Waxing poetic on a Wednesday

Dustbury calls my attention to this article, which bemoans the "sidelining" of poetry. One of Second Terrace's paragraphs called to me: 

          "This is distressing, because – I think – poetry is the threading of meaning, and thus a little bit of poetry is necessary to the work of belief. And if you think that there is no work to belief, then you will never be able to read a poem."

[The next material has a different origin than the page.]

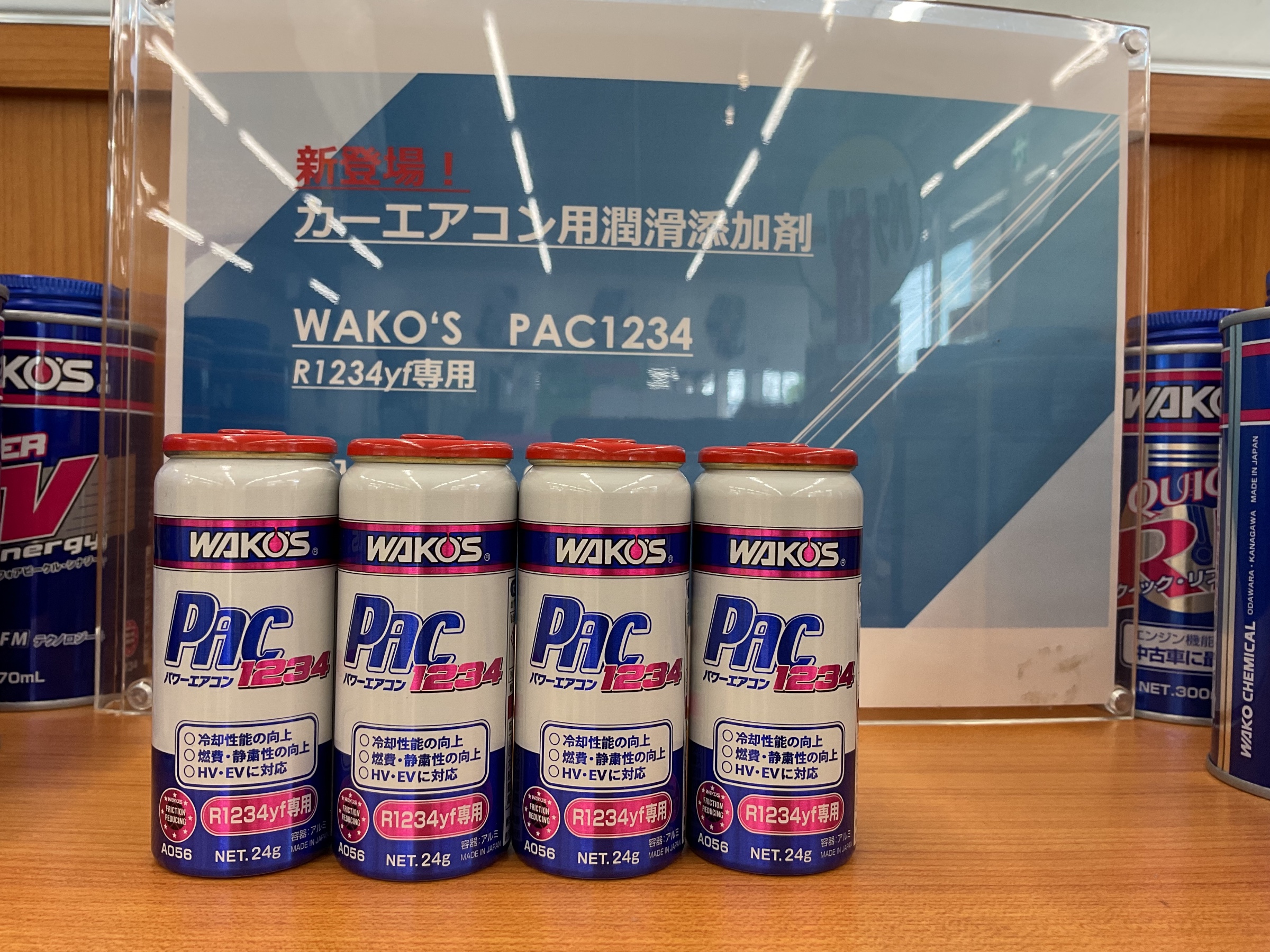 なお、WAKO'S PAC PLUSはR-134aというエアコンガス対応となっており、年式の古いおクルマに使われていたR12や、最新モデルに採用が始まったHFO-1234yfには対応していません。詳細につきましては、当店にご相談くださいね。

All of this gives me an excuse to post one of my favorite poems, by Marianne Moore. It pretty much sums up my feelings on poetry, which has been eulogized at least once per generation. I particularly like the line about "imaginary gardens with real toads in them," because poetry is the imaginary garden, and the toads are the critics and poets who take themselves entirely  too seriously.

"Poetry"

I, too, dislike it: there are things that are important beyond
      all this fiddle.
   Reading it, however, with a perfect contempt for it, one
      discovers in
   it after all, a place for the genuine.
      Hands that can grasp, eyes
      that can dilate, hair that can rise
         if it must, these things are important not because a

high-sounding interpretation can be put upon them but because
      they are
   useful. When they become so derivative as to become
      unintelligible,
   the same thing may be said for all of us, that we
      do not admire what
      we cannot understand: the bat
         holding on upside down or in quest of something to 

eat, elephants pushing, a wild horse taking a roll, a tireless
      wolf under
   a tree, the immovable critic twitching his skin like a horse
      that feels a flea, the base-
   ball fan, the statistician--
      nor is it valid
         to discriminate against "business documents and

school-books"; all these phenomena are important. One must make
      a distinction
   however: when dragged into prominence by half poets, the
      result is not poetry,
   nor till the poets among us can be
     "literalists of
      the imagination"--above
         insolence and triviality and can present

for inspection, "imaginary gardens with real toads in them,"
      shall we have
   it. In the meantime, if you demand on the one hand,
   the raw material of poetry in
      all its rawness and
      that which is on the other hand
         genuine, you are interested in poetry.


2 comments:

  1. Well. There is poetry, and there is, um, "poetry." Or what's sometimes referred to as "poetries."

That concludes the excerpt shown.